For Georgetown dean, Common Application is part of a larger admissions problem

By Daniel de Vise
Washington Post Staff Writer
Sunday, October 3, 2010; 9:24 PM

Gone are the days when students aspiring to America's best colleges agonized over a stack of distinct but largely duplicative forms. This is the age of the Common App, an innovation that saves students time and has the happy side effect of swelling applicant pools, giving schools the illusion of rising selectivity without the reality of improved academic offerings.

Charlie Deacon, gatekeeper at Georgetown University for the past 38 years, is determined to resist this trend by continuing to fill the freshman class with students of sufficient dedication to slog through a six-page, two-part application form that is accepted nowhere else.

To Deacon, the Common Application is part of a larger problem: the admissions bubble, a geometric increase in college applications that he likens to the millennial housing market, in an admissions industry that increasingly resembles big business.

"We don't have the Common App because we think that each person is unique and each school is unique," said Deacon, dean of admissions at Georgetown. "We don't want people to apply for the wrong reasons."

Deacon and other industry leaders gathered Thursday in St. Louis for an annual conference of the National Association for College Admission Counseling, where vendors hawk databases of top-scoring high school seniors and the latest in student recruitment intelligence.

Few of Deacon's colleagues publicly share his views. Many admire his pluck.

"It's a business. That's a fact now," said Greg Roberts, a onetime Deacon protege who directs admissions at the University of Virginia. "It's a very different field than it was when Charlie started, or even when I started."

Sticking to his guns

Deacon took over Georgetown admissions at a time when more than half of applicants gained admission and the school's chief competition came from neighboring George Washington and Catholic universities.

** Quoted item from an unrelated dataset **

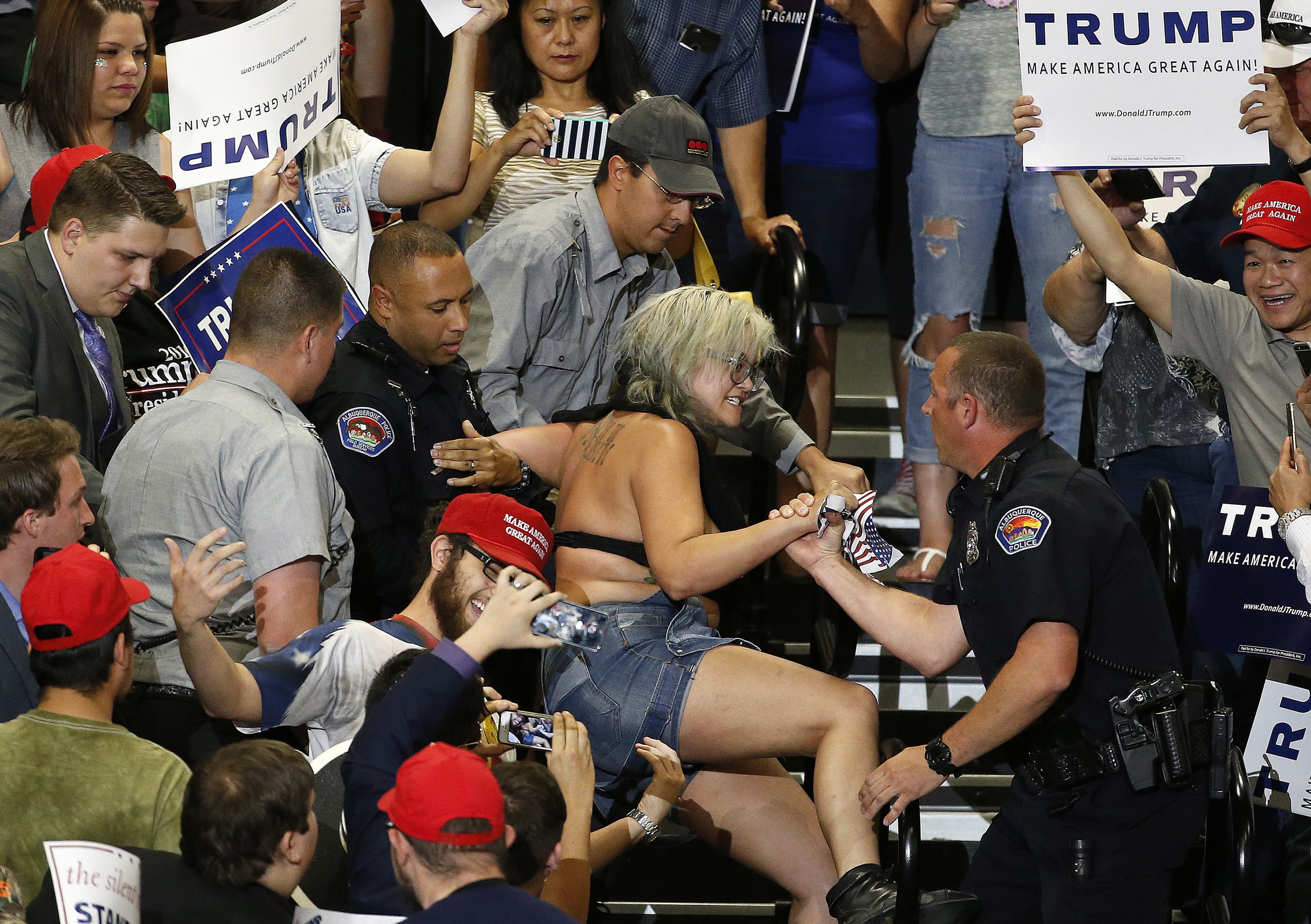 Policías retiran a una manifestante durante un acto de campaña del aspirante a la candidatura presidencial republicana Donald Trump en Albuquerque, New Mexico, el martes 24 de mayo de 2016. Foto de AP.

Energetic and affable, Deacon helped steer Georgetown's ascent from a provincial to national university, building a cross-country network of alumni and recruitment to mirror those of the Ivy League schools. In 1979, Barron's elevated Georgetown to its list of "most competitive" colleges.

Today, Deacon contends that most of his peers use the Common Application to inflate their numbers. The form encourages the noncommittal applicant, a drawback acknowledged by many in the admissions field.

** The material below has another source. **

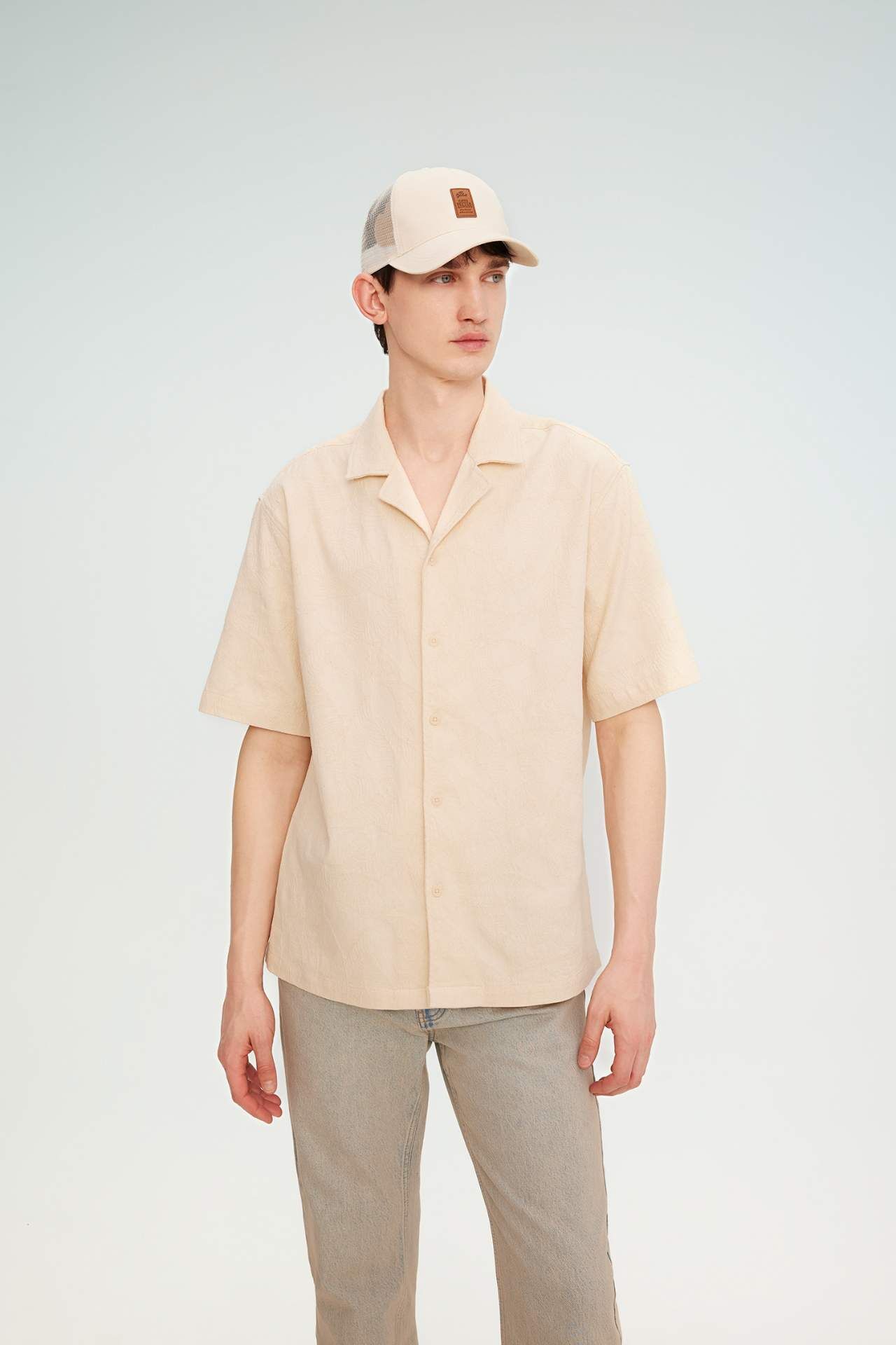 DeFactoFit Relax Fit Apaş Yaka Pamuklu Kısa Kollu Gömlek B7398AX24SMBG786

"Unfortunately, what the Common App does is, it stimulates a lot of frivolous applications," said Susan Tree, director of college counseling at Westtown School, a Quaker boarding school outside Philadelphia and an advocate of the Common Application.

Applications to many elite schools have doubled in the past decade. One applicant in five now applies to seven or more colleges, a number once thought excessive.

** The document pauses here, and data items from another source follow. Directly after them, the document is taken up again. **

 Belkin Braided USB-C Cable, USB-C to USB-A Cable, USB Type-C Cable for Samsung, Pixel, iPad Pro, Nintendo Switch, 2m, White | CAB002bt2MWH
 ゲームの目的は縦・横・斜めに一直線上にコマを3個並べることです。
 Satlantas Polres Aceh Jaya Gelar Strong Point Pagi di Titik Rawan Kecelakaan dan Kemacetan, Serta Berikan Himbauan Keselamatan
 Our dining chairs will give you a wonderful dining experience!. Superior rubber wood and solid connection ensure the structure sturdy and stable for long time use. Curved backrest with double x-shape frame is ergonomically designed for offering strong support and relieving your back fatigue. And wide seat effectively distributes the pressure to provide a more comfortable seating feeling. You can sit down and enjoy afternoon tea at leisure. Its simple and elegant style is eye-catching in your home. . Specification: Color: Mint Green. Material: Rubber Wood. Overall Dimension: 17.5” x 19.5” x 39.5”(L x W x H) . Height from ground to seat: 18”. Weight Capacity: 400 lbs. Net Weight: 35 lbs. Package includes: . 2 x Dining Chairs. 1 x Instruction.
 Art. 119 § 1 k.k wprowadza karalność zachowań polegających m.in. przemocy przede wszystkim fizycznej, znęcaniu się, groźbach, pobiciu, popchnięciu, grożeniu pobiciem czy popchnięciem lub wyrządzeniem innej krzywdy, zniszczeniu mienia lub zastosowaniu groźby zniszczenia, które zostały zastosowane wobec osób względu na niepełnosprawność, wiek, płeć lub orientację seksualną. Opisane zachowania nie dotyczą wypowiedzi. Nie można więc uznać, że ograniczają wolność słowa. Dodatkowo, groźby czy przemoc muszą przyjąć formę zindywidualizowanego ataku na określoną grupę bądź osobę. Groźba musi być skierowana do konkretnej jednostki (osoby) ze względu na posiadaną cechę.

One reason is the Common App, which went online in 1998 and accelerated admissions in the same way online banking sped the paying of bills. It's a generic form students can complete once and send to any of 414 schools.

Sam Nelson, a 17-year-old senior at McLean High School, came to appreciate the Common Application after initiating applications to nine colleges, of which only three accept the Common App.

"I realize now what a pain it is to have to go through them all and fill out the same information over and over," he said.

Founded in 1975 as a nonprofit consortium of 15 schools, the Common App was perfectly poised for the age of online admissions, an evolution that made the "signature" college application look like a relic of the typewriter age.

One by one, the nation's top national universities have gone Common: Princeton and Cornell in 2004, Northwestern and Penn in 2006, Brown and the universities of Chicago and Virginia in 2008.

This year, the Common App claimed the final Ivy, Columbia, along with the University of Michigan.

Such is the enthusiasm for the Common App that it has spawned a competitor, the Universal College Application, launched in 2007 and serving more than 70 schools.

"There are 400 colleges at the fingertips of the students who complete the Common App," said Chris Gruber, a vice president at Davidson College who serves as president of the Common Application.

To universities, the form offers a potential gateway to thousands of untapped low-income and minority families. Of the half-million common applicants, one-third are minorities and one-quarter will be first-generation college students.

Of the 31 schools in the Consortium on Financing Higher Education, a sort of expanded Ivy League, only two have resisted the Common App. One is MIT, a niche player with a specialized pool. The other is Georgetown.

Deacon says the Common App movement is less about access and more about admission metrics.

Joining the Common Application is said to yield a bump of 5 to 10 percent in a school's applicant pool. A surge in applicants makes a college look more selective. Competitive colleges are forever eyeing each other's numbers. Anyone who falls behind risks suffering in rank and prestige.

Applications to Brown jumped from 20,000 to 30,000 in the two years after the Rhode Island school joined the Common App. Applicants to the University of Chicago rose by half in that span. (Officials at both schools play down the Common Application as a factor.)

'Holistic' admissions

While other schools court unfettered growth, Georgetown's dean is intentionally slowing the expansion of his applicant pool.

Since 2000, applications to Georgetown have risen a modest 20 percent, from roughly 15,000 to 18,000. Deacon thinks his pool is large enough: more than 10 applicants for every seat in the 1,600-student freshman class. A manageable pool is key to his vision of "holistic" admissions, the process of assembling a class with a rich blend of academic accomplishment and life experience that is the hallmark of a selective college.

Deacon's peers say they have adapted to a larger pool. At Brown, admissions Dean Jim Miller brought in 15 part-timers last year to pad the staff of 17 full-time application readers. A careful read, he said, "is part of what we promise when people apply."

Schools that join the Common Application tend to experience reduced yield, a diminished share of admitted students who choose to attend. Some schools fix this by accepting larger numbers of students through binding early-decision programs, whose yield is effectively 100 percent.

That, to Deacon, is part of the game.

If a distinctive application makes it harder to apply to college, it's "not that much harder," said Stu Schmill, dean of admissions at MIT. Most selective colleges still require lengthy written supplements to the generic application, a practice that tends to thwart frivolous applicants and preserve each school's distinctive voice.

But for Nelson, the high school senior from McLean, the Common Application has proven an irresistible time-saver. Now he says he's thinking of applying to a 10th school, Harvard, "because it's on the Common App. You might as well."